(Task item): All of the data must be written out verbatim, with pictures excluded.

(Data provided):

+---+

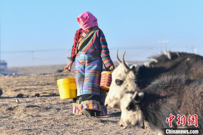 12月12日,西藏自治區(qū)那曲市安多縣帕那鎮(zhèn)牧民土巴卓瑪準(zhǔn)備去擠牦牛奶。中新社記者 貢嘎來松 攝
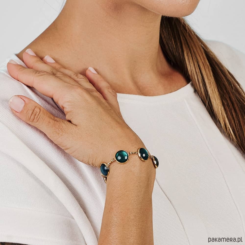 Ta pełna blasku bransoletka jest częścią kolekcji “W blasku perłowego księżyca”. Bransoletka wykonana jest z ręcznie malowanych kaboszonów umieszczonych w bazach ze stali szlachetnej. Szklane elementy zachwycają subtelnym, opalizującym blaskiem, który jest niczym odbicie księżyca na tafli wody. Bransoletka mieni się w świetle, przyciągając wzrok i dodając elegancji każdej stylizacji. Ten dodatek jest idealny dla osób ceniących sobie wyrafinowaną i ponadczasową biżuterię.
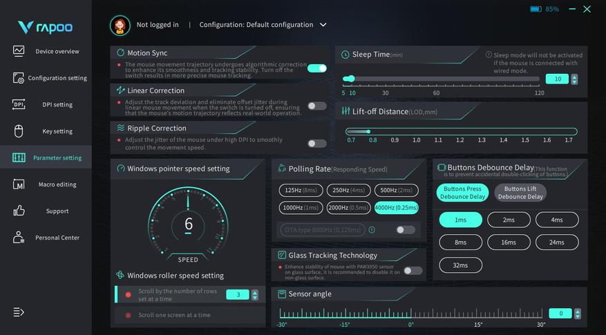 Здесь стандартные функции: настройка DPI, переназначение кнопок (включая макросы) и частоты опроса. Плюс интересные фичи, вроде регулировки Lift-Off — то есть, на какой высоте отрыва мышь перестает регистрировать движения. Есть и спорные улучшения, такие как коррекция траектории при дрожании. Также можно задать время перехода в спящий режим. Через ПО обновляется прошивка приемника и мыши. Устройство имеет встроенную память, так что настройки сохраняются в мыши и не сбрасываются при подключении к другому ПК.

+---+

(Solution to this exercise):
 12月12日,西藏自治區(qū)那曲市安多縣帕那鎮(zhèn)牧民土巴卓瑪準(zhǔn)備去擠牦牛奶。中新社記者 貢嘎來松 攝
 Ta pełna blasku bransoletka jest częścią kolekcji “W blasku perłowego księżyca”. Bransoletka wykonana jest z ręcznie malowanych kaboszonów umieszczonych w bazach ze stali szlachetnej. Szklane elementy zachwycają subtelnym, opalizującym blaskiem, który jest niczym odbicie księżyca na tafli wody. Bransoletka mieni się w świetle, przyciągając wzrok i dodając elegancji każdej stylizacji. Ten dodatek jest idealny dla osób ceniących sobie wyrafinowaną i ponadczasową biżuterię.
 Здесь стандартные функции: настройка DPI, переназначение кнопок (включая макросы) и частоты опроса. Плюс интересные фичи, вроде регулировки Lift-Off — то есть, на какой высоте отрыва мышь перестает регистрировать движения. Есть и спорные улучшения, такие как коррекция траектории при дрожании. Также можно задать время перехода в спящий режим. Через ПО обновляется прошивка приемника и мыши. Устройство имеет встроенную память, так что настройки сохраняются в мыши и не сбрасываются при подключении к другому ПК.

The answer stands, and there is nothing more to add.